By Atman Prins

Accurate crop type maps are important for obtaining agricultural statistics such as water use or harvest estimations. The traditional approach to obtaining maps of cultivated fields is by manually digitising the fields from satellite or aerial imagery. However, manual digitising is time-consuming, expensive and subject to human error. Automated remote sensing methods have been a popular alternative for crop type map creation, with machine learning classification algorithms gaining popularity for classifying crop types from satellite imagery. However, using light detection and ranging (LiDAR) data for crop type mapping has not been widely researched.

This study evaluates the use of LiDAR data and machine learning algorithms for mapping vineyards. Vineyards are planted in rows spaced at various distances, which can cause spectral mixing within individual pixels and complicate image classification. Four resolution where used for generating normalized digital surface model and intensity derivatives from the LiDAR data. In addition, texture measures with window sizes of 3×3 and 5×5 were generated from the LiDAR derivatives. The different combinations of the resolutions and window sizes resulted in eight data sets that were used as input to 11 machine learning algorithms. A larger window size was found to improve the overall accuracy for all the classifier–resolution combinations. The results showed that random forest with texture measures generated at a 5×5 window size outperformed the other experiments, regardless of the resolution used. We conclude that the random forest algorithm used on LiDAR derivatives with a resolution of 1.5m and a window size of 5×5 is the recommend configuration for vineyard mapping using LiDAR data.

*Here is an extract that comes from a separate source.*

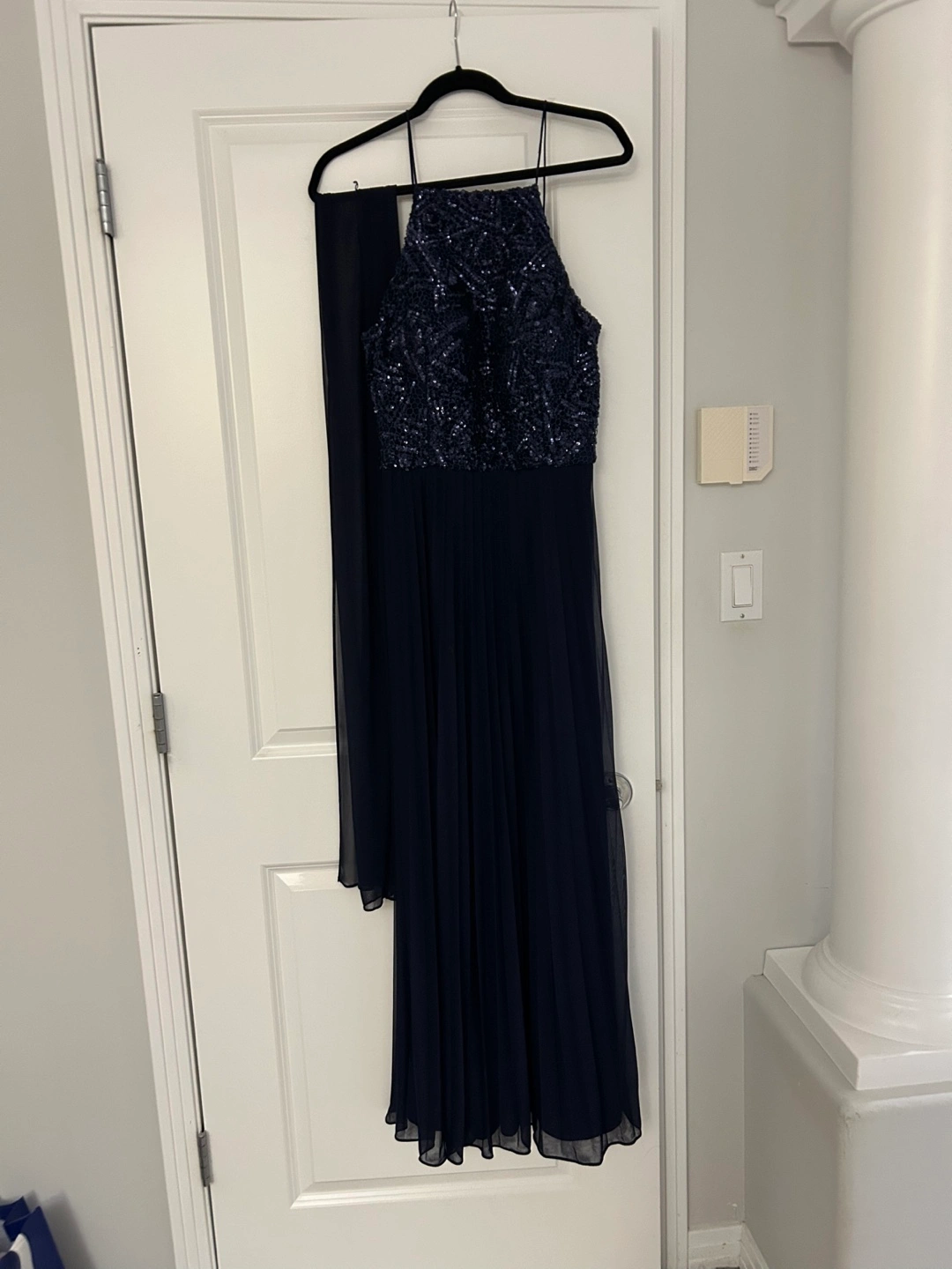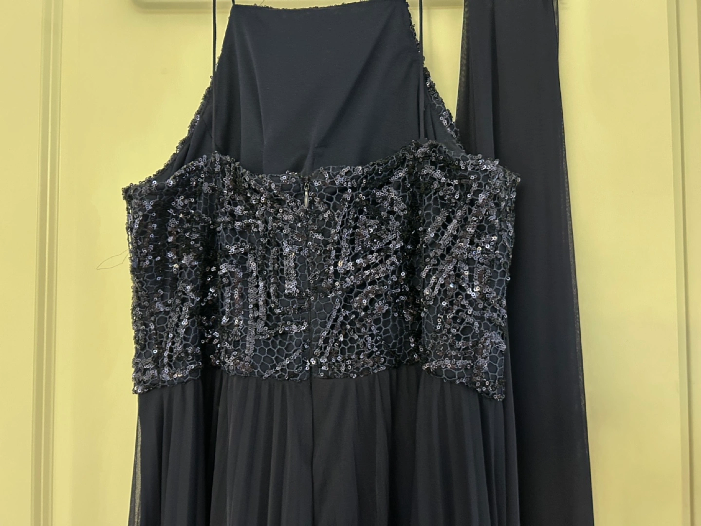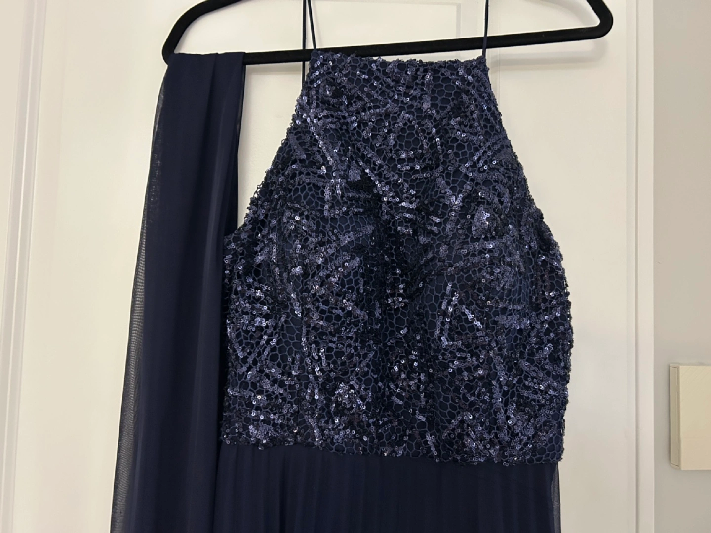 97Navy blue sequined halter dress with a flowy skirt. The bodice features a beautiful sequin design. Size 12 Bought from Melanie Lynn and worn only once. Comes with sheer scarf/wrap.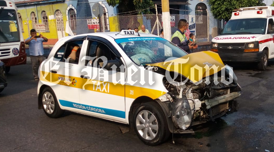 Córdoba.- Cuatro personas lesionadas, entre ellas dos menores de edad, movilización de los grupos de auxilio así como elementos de la Policía y Tránsito Municipal, fue lo que dejó el choque entre una camioneta Mitsubishi y el taxi número 205 del sitio ADO, debido a que uno de los conductores, al no respetar la luz roja del semáforo, provocó el accidente sobre el cruce de la avenida 5 y calle 10 en la colonia Centro.

Figure 1: EFFICACY OF MACHINE LEARNING AND LIDAR DATA FOR CROP TYPE MAPPING
Atman Prins - 4x4

The above is the extract from the research paper by Atman Prins as part of his Msc at Stellenbosch University. The full article can be found here.

Atman completed his Bsc Honours in Geoinformatics in 2016, with his research focusing on using LiDAR data, template matching and region growing in order to count trees in a forestry plantation. In 2017 he started with his Msc in Geoinformatics and continued on with his research using LiDAR data. However, for his Msc research he focused on classifying crops using machine learning, LiDAR data and data fusion with spectral data. While he was busy with his MSc, he was employed part time at the CGA. In 2019 he was employed as a full-time GIS & EO analyst while finishing his MSc.